The findings were presented at the European Psychiatric Association (EPA) 2020 Congress, which was virtual this year because of the COVID-19 pandemic.
Widespread problem
Violence against health care professionals is widespread among clinicians in EDs with psychiatry trainees “more exposed and vulnerable,” Dr. Pereira-Sanchez said during his presentation.
In 2017, the European Federation of Psychiatric Trainees established a group of researchers to describe “the extent and consequences of violence against psychiatric trainees in Europe and beyond,” he said. The group developed a 15-item questionnaire asking young clinicians about experiences of physical, sexual, and verbal assault at work. The survey was posted online by partner institutions via social media.
A total of 827 psychiatric trainees, the majority of whom were from France and the United Kingdom, completed the survey. Respondents had an average age of 31 years, and 68% were women. On average, respondents had completed 51.3% of their psychiatric training.

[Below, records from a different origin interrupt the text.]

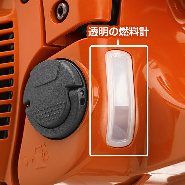 透明でできた燃料メーターが燃料の残量を確認するのに役立ちます。 -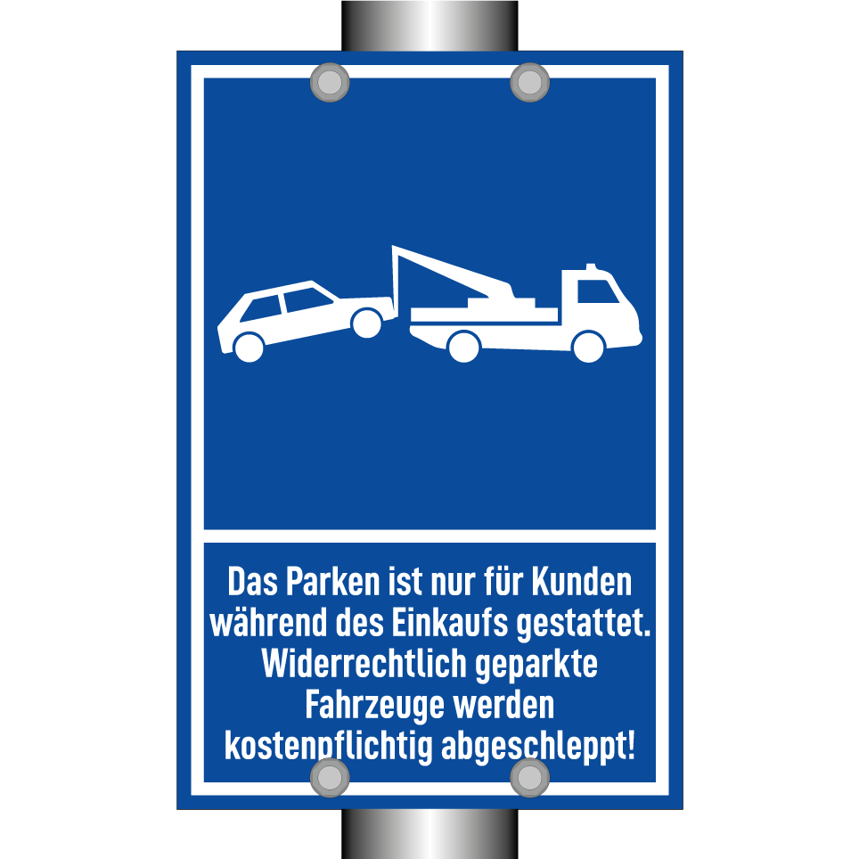 Parkschild mit dem Text Das Parken ist nur für Kunden während des Einkaufs gestattet. Widerrechtlich geparkte Fahrzeuge werden kostenpflichtig abgeschleppt!
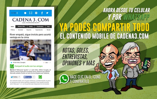 Todas las notas y los audios de la plataforma mobile de Cadena3.com que ya compartías a través de Facebook y Twitter, ahora suman la opción para hacerlo a través del mensajero gratuito WhatsApp.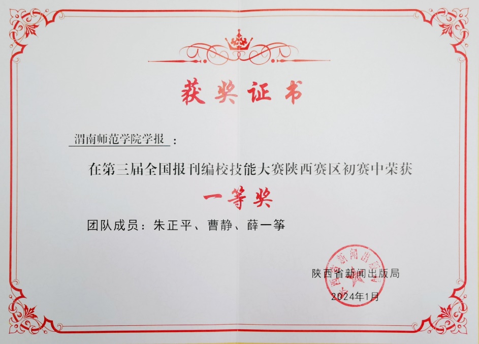 2024年1月16日,在全省新闻出版(版权)工作会议上,陕西省新闻出版局对第三届全国报刊编校技能大赛陕西赛区的优秀团队进行表彰。伟德官网学报编辑部团队荣获一等奖,展现了编辑扎实的专业基本功和风采。

with 92.0% reporting verbal assaults, 44.1% physical assaults, and 9.3% sexual assaults. In addition, 14.2% had been assaulted once, 51.9% had been assaulted two to five times, and 33.9% had been assaulted more than five times during their training. Results also showed that assaults were more likely to occur on an inpatient ward (63.4%) or the ED (56.9%), although 37.2% occurred in an outpatient setting and 4.2% in community settings. The majority of respondents (69.0%) did not report their assaults, and 67.3% did not call police or security personnel.
The most common emotions experienced by trainees following an assault were fear, rage, and anxiety. Guilt, sadness, feeling unsupported, and self-doubt were also reported.
Dr. Pereira-Sanchez noted the low rate of reported assaults is likely because trainees view it as “part of the job to get insulted, it’s part of the job to suffer minor physical violence.”
Individuals who did report assaults tended to be those who had been assaulted more than five times and those who felt more anxiety, rage, and fear.
“Basically, those who experience more emotional consequences and physical consequences tend to report more,” he said.
In addition, trainees tended to report assaults if they worked in an institution that provided protocols and training in prevention and management of patient aggression.
However, he added, most respondents reported they were not aware of their center’s protocols with respect to assaults and were not trained in the management or prevention of patient violence.
Management tools key
Commenting on the study in an interview, Renee Binder, MD, professor of psychiatry at University of California, San Francisco, said the findings show that, “when patients are out of control, they may act inappropriately, including verbal, physical, and sexual assaults.”
Consequently, “clinicians should be prepared and have management tools,” said Dr. Binder, who was not involved in the research.
She noted that derogatory statements and racial slurs were included among the verbal assaults, which is particularly common in inpatient units and EDs where “patients may be acutely psychotic or manic and out of control,” she said.
However, Dr. Binder pointed out that the investigators did not separate mild and more severe forms of physical and sexual assault.
“If the authors had more finely separated out the types of physical and sexual assaults, they probably would have found that mild types of assaults are much more common than more severe assaults,” she said.
Dr. Pereira-Sanchez’s fellowship program is funded by Fundacion Alicia Koplowitz. He and Dr. Binder have disclosed no relevant financial relationships.